### What the task asks:
In the records below, find the line with "Pair Of Beautiful" and repeat it and every line after it, exactly, without any pictures.

### Record set:
□ □ □
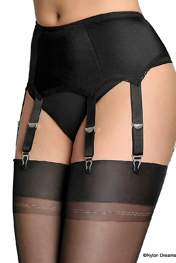 6 strap suspender belt with all plain panels also comes with our high quality metal clips and adjusters. Which mean they are durable for long life. The suspender clips which click into place on your stockings mean they will only let go of your stockings when you decide. These are attached to 19 mm wide quality elastic straps.
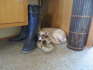 (首輪が緩くてすり抜けてしまうので、二重にしました。これなら抜けられないはずなんですけど・・・)玄関に飾ってあった依亜の作品。SUNに壊される前に記念撮影、そして処分しました。
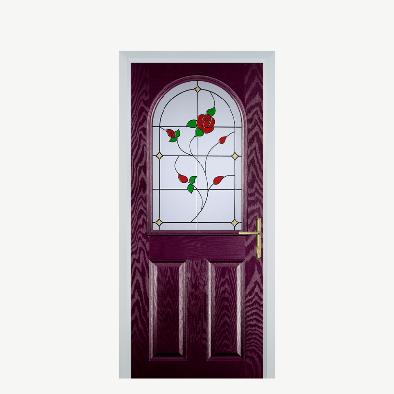 Introducing the Door E 2 Panel 1 Arch in a stunning Purple Violet finish, designed to make a striking statement at the entrance of your home. This composite front door combines aesthetic appeal with exceptional durability, ensuring your entryway is both beautiful and secure.
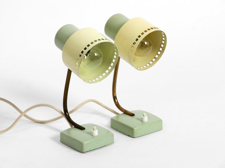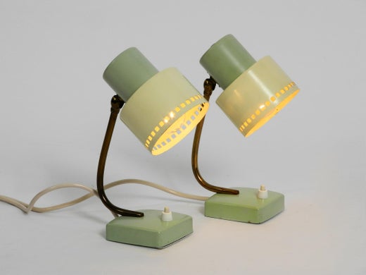 Pair Of Beautiful Midcentury Metal Bedside Lamps In Mint Green And
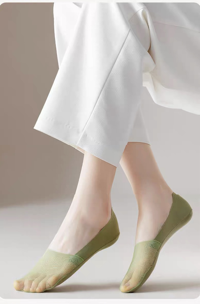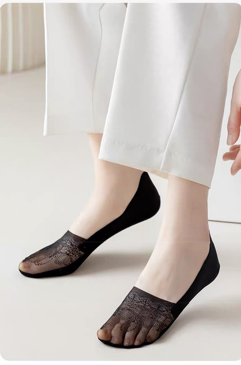 【5双装】朝暮栖止女士侧边网眼隐形袜透气吸汗蕾丝浅口硅胶防滑船袜子
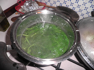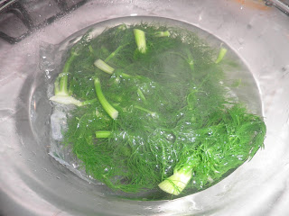 Cosa ho fatto? Ho tagliato le barbe più tenere e le ho leggermente sbollentate per mantenere vivo il colore; le ho tuffate in acqua ghiacciata.
□ □ □
### Response to this task:
 Pair Of Beautiful Midcentury Metal Bedside Lamps In Mint Green And
 【5双装】朝暮栖止女士侧边网眼隐形袜透气吸汗蕾丝浅口硅胶防滑船袜子
 Cosa ho fatto? Ho tagliato le barbe più tenere e le ho leggermente sbollentate per mantenere vivo il colore; le ho tuffate in acqua ghiacciata.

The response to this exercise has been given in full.